(What you need to do): From the entries below, retype only the lines from the one with "Туя западная Глобоза" through the one with "Old age dependency", exactly as written.

(Dataset):
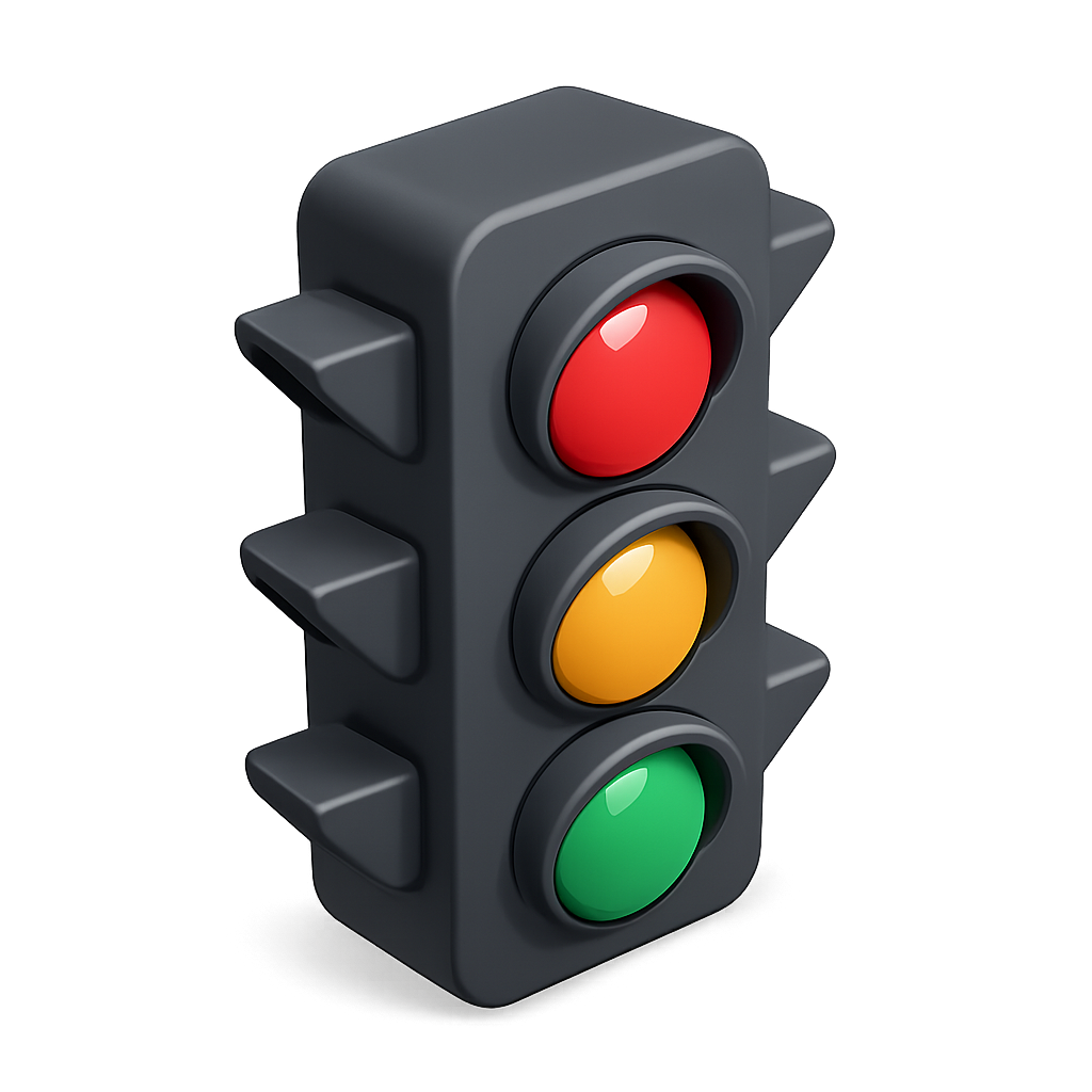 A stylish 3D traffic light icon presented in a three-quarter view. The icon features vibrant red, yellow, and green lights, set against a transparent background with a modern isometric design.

---

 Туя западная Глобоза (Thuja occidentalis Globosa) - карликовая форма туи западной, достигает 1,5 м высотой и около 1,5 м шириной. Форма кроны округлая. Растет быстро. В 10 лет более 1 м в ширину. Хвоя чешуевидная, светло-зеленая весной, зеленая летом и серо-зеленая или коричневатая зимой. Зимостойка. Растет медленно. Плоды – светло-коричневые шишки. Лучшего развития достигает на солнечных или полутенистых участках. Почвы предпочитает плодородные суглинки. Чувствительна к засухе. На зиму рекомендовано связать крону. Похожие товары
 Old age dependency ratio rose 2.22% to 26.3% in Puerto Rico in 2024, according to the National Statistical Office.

...

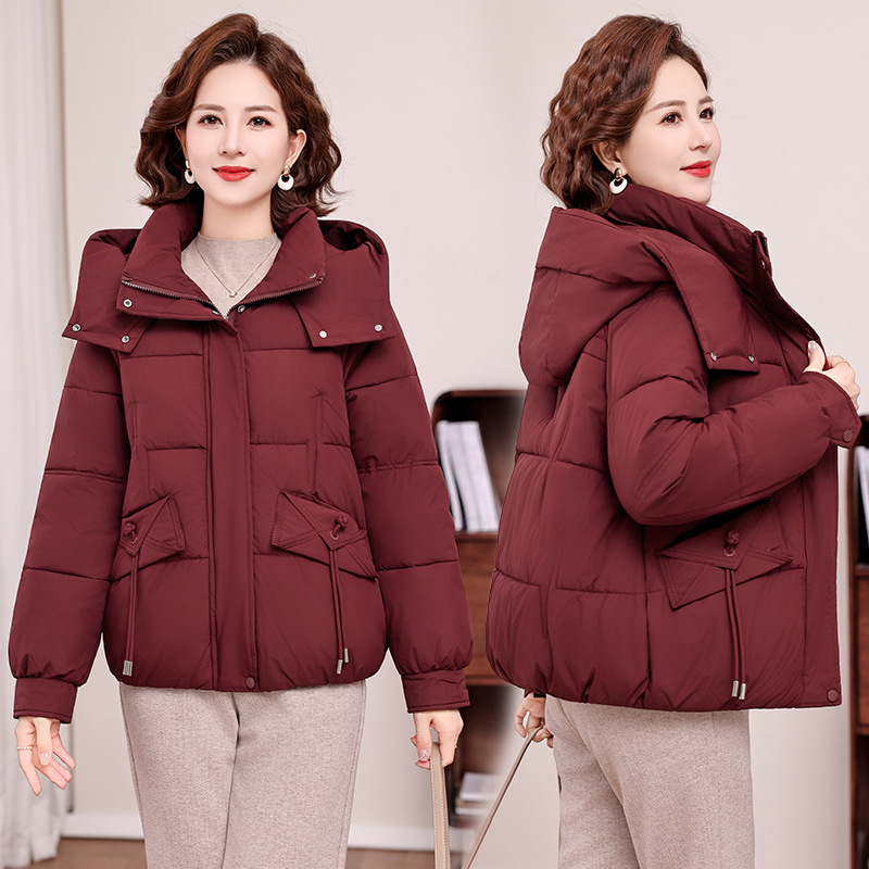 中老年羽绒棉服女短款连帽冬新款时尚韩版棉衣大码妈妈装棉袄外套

(Answer to this exercise):
 Туя западная Глобоза (Thuja occidentalis Globosa) - карликовая форма туи западной, достигает 1,5 м высотой и около 1,5 м шириной. Форма кроны округлая. Растет быстро. В 10 лет более 1 м в ширину. Хвоя чешуевидная, светло-зеленая весной, зеленая летом и серо-зеленая или коричневатая зимой. Зимостойка. Растет медленно. Плоды – светло-коричневые шишки. Лучшего развития достигает на солнечных или полутенистых участках. Почвы предпочитает плодородные суглинки. Чувствительна к засухе. На зиму рекомендовано связать крону. Похожие товары
 Old age dependency ratio rose 2.22% to 26.3% in Puerto Rico in 2024, according to the National Statistical Office.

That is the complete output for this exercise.